8 months ago
Junior Sous Chef - Fort William
Salary: £26,000 - £28,000
Scotlands finest luxury hotel and restaurant, where dining is a culinary experience offering the finest dishes using local produce. Our client are now have a fantastic opportunity for a Junior Sous Chef to join the team.
Uniquely located amongst the glens, lochs and mountains of the West Highlands of Scotland, offering one of the most relaxing and exciting holidays of a lifetime, where every detail for your comfort and enjoyment has been carefully considered.
As a Junior Sous Chef you will assist the Sous Chef to ensure in the smooth running of the food offer in the hotel. To effectively manage the kitchen team to achieving the highest standard of food production especially in the absence of the Head Chef. To control and manage the food cost in line with the budget, source ingredients in accordance with the Company's sourcing policy and control production and portions in line with agreed specifications.
The Junior Sous Chef must be able to solve problems quickly and in a professional and pleasant manner. They must be able to deal successfully with a wide variety of people from different cultures and backgrounds. Be initiative, have self-discipline, effective communications skills, and the ability to organize and direct the work of others.
You will assist the Sous Chef in the below and be solely responsible for the below in their absence:
Role responsibilities include:
• Train and develop staff to maximise performance, aid retention and reduce turnover.
• Accountable for the delivery of performance in line with Company procedures.
• Lead and inspire individuals to develop a highly motivated, committed team.
• Ensure team receive, understand and adhere to all company policies & procedures.
• Co-ordinate workload of staff within the hotel including rotas etc
• To ensure that the kitchen team comply with the policy on personal hygiene and uniform
• Support all members of the team to reach their full potential and give them the opportunity to develop their career
• Ensuring all relevant information is passed to the relevant person.
• To help the Head Chef work within the company set budgets while providing the standard of service required, including staff budget, equipment budget, stock costs.

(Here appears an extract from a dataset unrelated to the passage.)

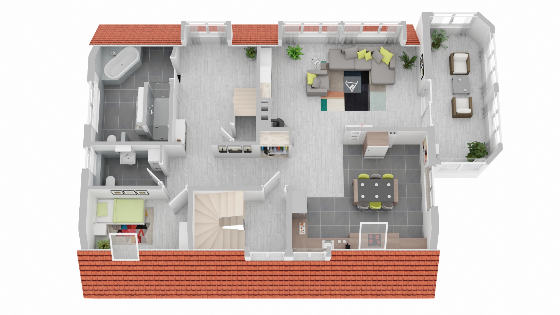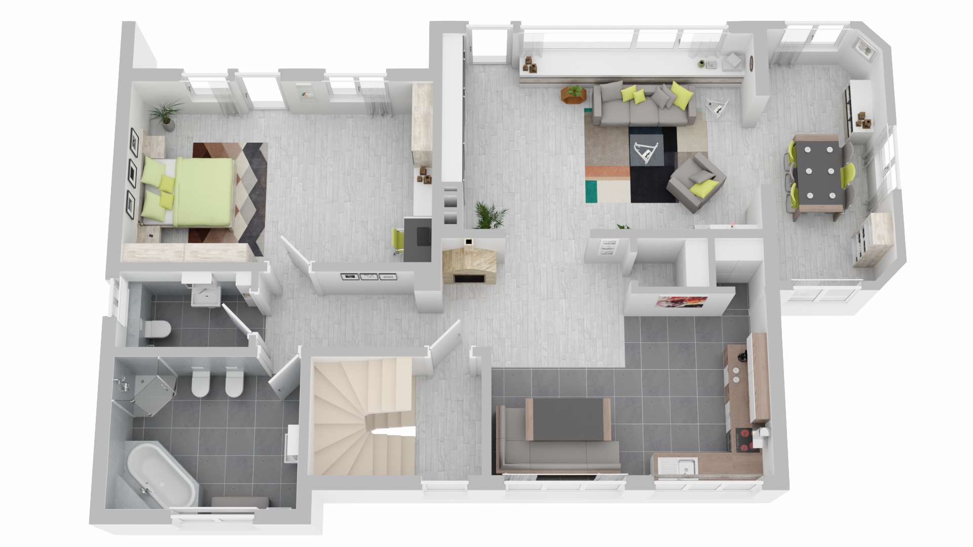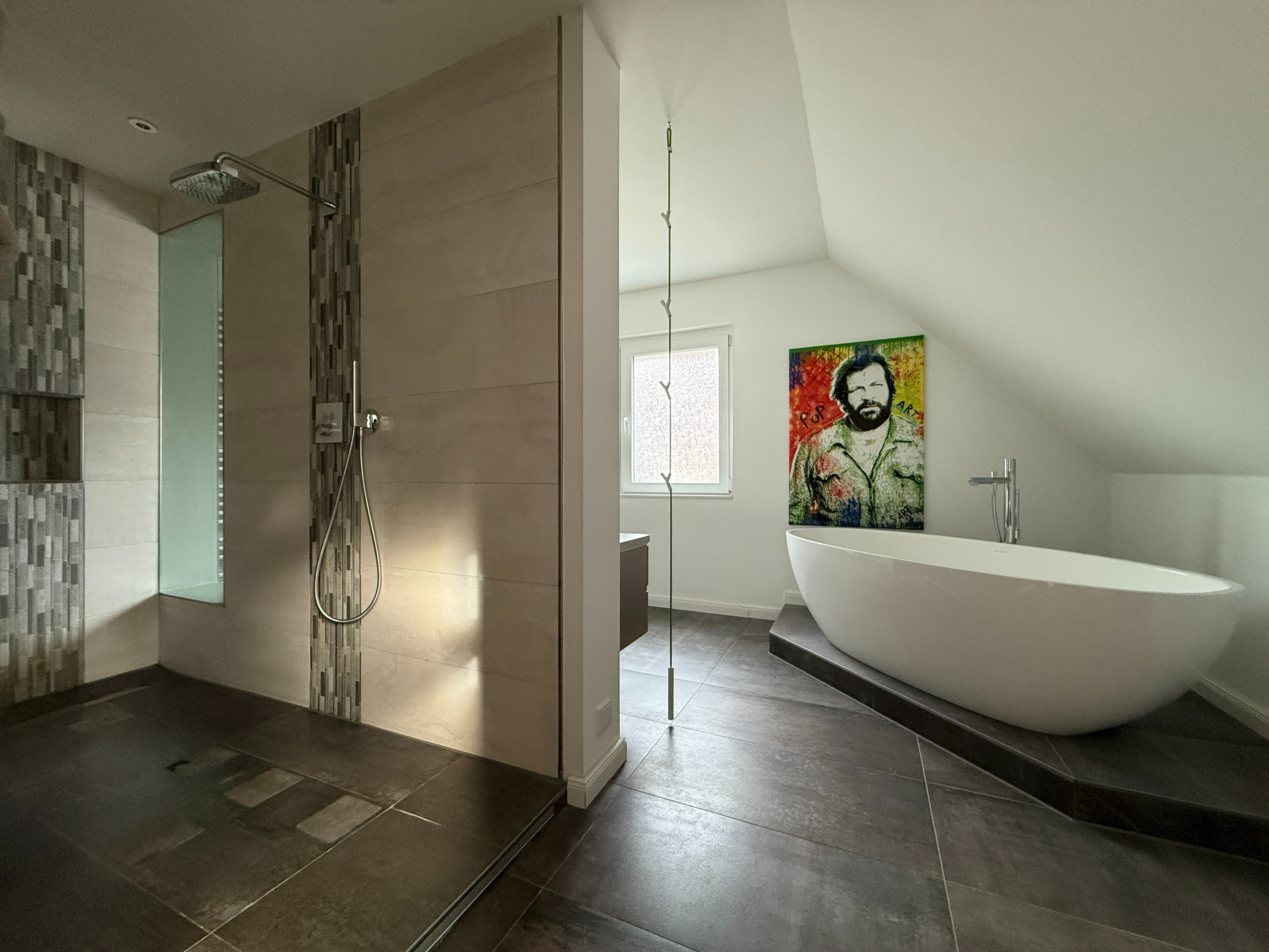 große Tageslichtbäder mit Badewanne und Dusche

• Control all stocks within the hotel food operations and ensure stock takes are completed accurately and on time each week for accounting purposes.
• Develop all aspects of sales within the hotel, implementing new initiatives to meet and exceed targets.
• Ensure GP figures are to target.
• Be responsible for all ordering and repairs within their department, obtaining quotes, receiving/querying/authorising all invoices and ensure the correct person receives these.
• Develop product knowledge to ensure accurate delivery of service.
• Resolution of customer complaints within the food operation.
• Ensure all Health and Safety procedures are implemented according to Company standards including food hygiene.
• Carry out all supplier communication activity in line with company.
• Ensure suppliers have a full understanding of all product and service specifications in order to ensure effective delivery.
• Complete orders in line with company procedures to ensure correct stock levels are maintained.
• Ensure best price being received along with best quality.
This is a full time position, no live in but help with temporary accommodation if needed.
Additional benefit of annual gratuity.
Essential Skills & Requirements:
Must have previous experience in Michelin or AA Rosettes Restaurant.
Additional Resources are an Employment Business and an Employment Agency as defined within The Conduct of Employment Agencies & Employment Businesses Regulations 2003.